Re: [PATCH v8 2/2] PCI: brcmstb: Configure HW CLKREQ# mode appropriate for downstream device

From: Jim Quinlan
Date: Thu Jan 11 2024 - 13:21:13 EST


On Thu, Jan 11, 2024 at 12:28 PM Bjorn Helgaas <helgaas@xxxxxxxxxx> wrote:
>
> On Mon, Nov 13, 2023 at 01:56:06PM -0500, Jim Quinlan wrote:
> > The Broadcom STB/CM PCIe HW core, which is also used in RPi SOCs, must be
> > deliberately set by the PCIe RC HW into one of three mutually exclusive
> > modes:
> >
> > "safe" -- No CLKREQ# expected or required, refclk is always provided. This
> > mode should work for all devices but is not be capable of any refclk
> > power savings.
> >
> > "no-l1ss" -- CLKREQ# is expected to be driven by the downstream device for
> > CPM and ASPM L0s and L1. Provides Clock Power Management, L0s, and L1,
> > but cannot provide L1 substate (L1SS) power savings. If the downstream
> > device connected to the RC is L1SS capable AND the OS enables L1SS, all
> > PCIe traffic may abruptly halt, potentially hanging the system.
> >
> > "default" -- Bidirectional CLKREQ# between the RC and downstream device.
> > Provides ASPM L0s, L1, and L1SS, but not compliant to provide Clock
> > Power Management; specifically, may not be able to meet the T_CLRon max
> > timing of 400ns as specified in "Dynamic Clock Control", section
> > 3.2.5.2.2 of the PCIe Express Mini CEM 2.1 specification. This
> > situation is atypical and should happen only with older devices.
> >
> > Previously, this driver always set the mode to "no-l1ss", as almost all
> > STB/CM boards operate in this mode. But now there is interest in
> > activating L1SS power savings from STB/CM customers, which requires "aspm"
> > mode.
>
> I think this should read "default" mode, not "aspm" mode, since "aspm"
> is not a mode implemented by this patch, right?

Correct.
>
>
> > In addition, a bug was filed for RPi4 CM platform because most
> > devices did not work in "no-l1ss" mode.
>
> I think this refers to bug 217276, mentioned below?

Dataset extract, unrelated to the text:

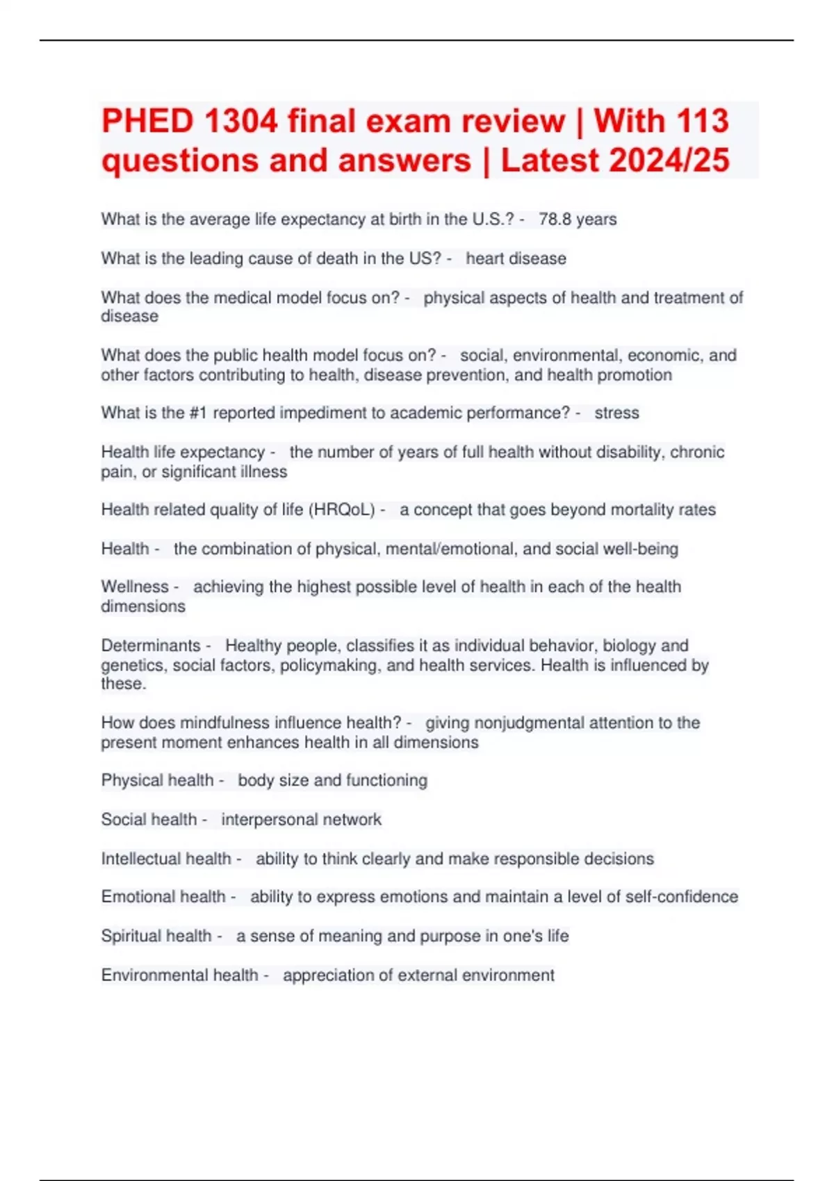 PHED 1304 final exam review | With 113 questions and answers | Latest 2024/25
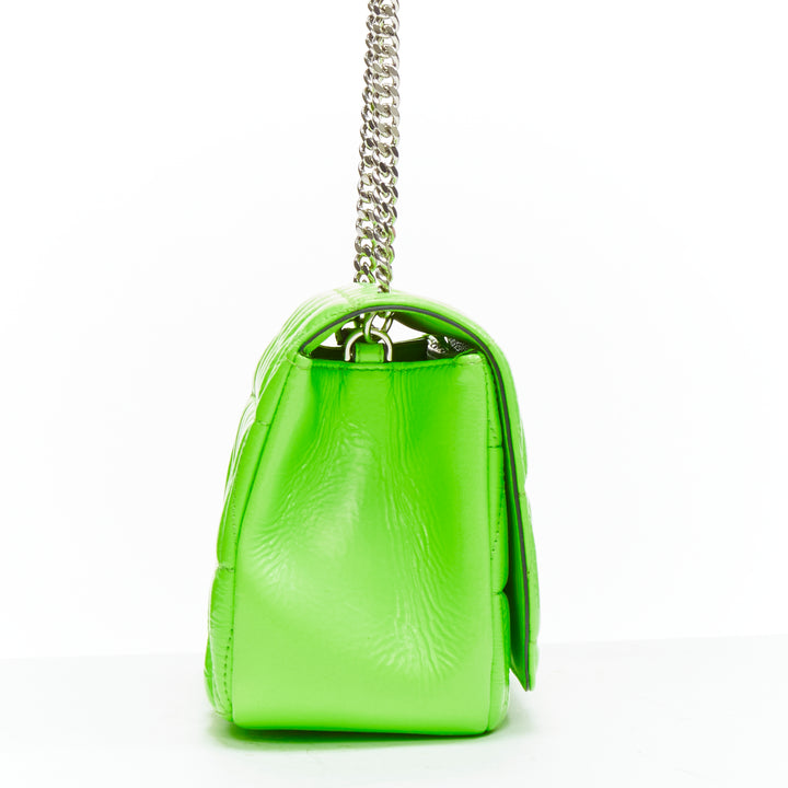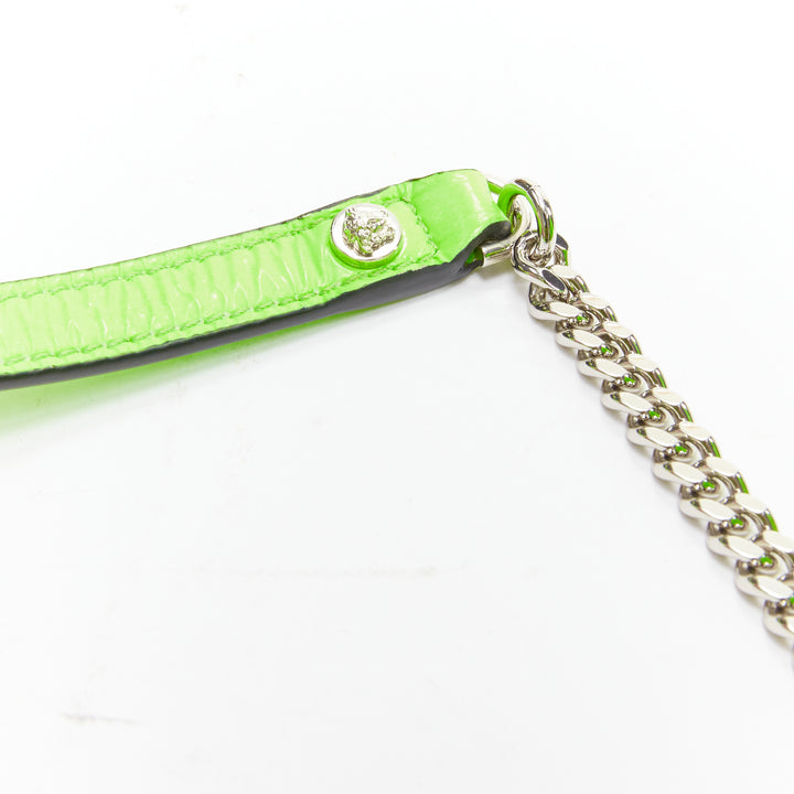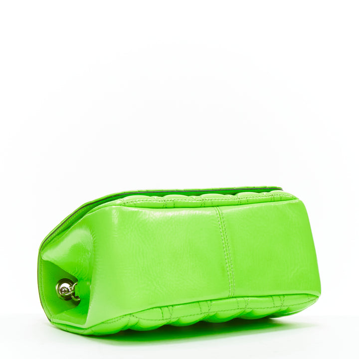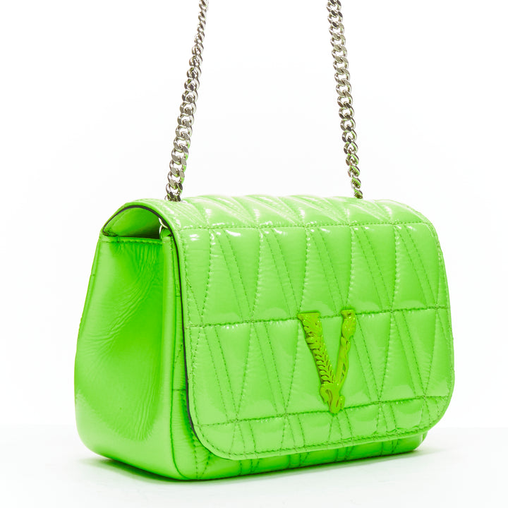 new VERSACE Virtus bright green V quilted patent leather crossbody flap bag

I guess you are saying I should put a footnote marker there.

>
>
> > Note that the mode is specified by the DT property "brcm,clkreq-mode". If
> > this property is omitted, then "default" mode is chosen.
> >
> > Note: Since L1 substates are now possible, a modification was made
> > regarding an internal bus timeout: During long periods of the PCIe RC HW
> > being in an L1SS sleep state, there may be a timeout on an internal bus
> > access, even though there may not be any PCIe access involved. Such a
> > timeout will cause a subsequent CPU abort.
>
> This sounds scary. If a NIC is put in L1.2, does this mean will we
> see this CPU abort if there's no traffic for a long time? What is
> needed to avoid the CPU abort?

I don't think this happens in normal practice as there are a slew of
low-level TLPs
and LTR messages that are sent on a regular basis. The only time
this timeout occured
is when a major customer was doing a hack: IIRC, their endpoint
device has to reboot itself after link-up and driver probe, so it
goes into L1.2 to execute this to reboot
and while doing so the connection is completely silent.


>
> Rega
> What does this mean for users? L1SS is designed for long periods of
> the device being idle, so this leaves me feeling that using L1SS is
> unsafe in general. Hopefully this impression is unwarranted, and all
> we need is some clarification here.


I don't think it will affect most users, if any.

Regards,
Jim Quinlan
Broadcom STB/CM



>
> > Link: https://bugzilla.kernel.org/show_bug.cgi?id=217276
> >
> > Signed-off-by: Jim Quinlan <james.quinlan@xxxxxxxxxxxx>
> > Tested-by: Florian Fainelli <florian.fainelli@xxxxxxxxxxxx>
> > ---
> > drivers/pci/controller/pcie-brcmstb.c | 96 ++++++++++++++++++++++++---
> > 1 file changed, 86 insertions(+), 10 deletions(-)
> > ...

Attachment: smime.p7s
Description: S/MIME Cryptographic Signature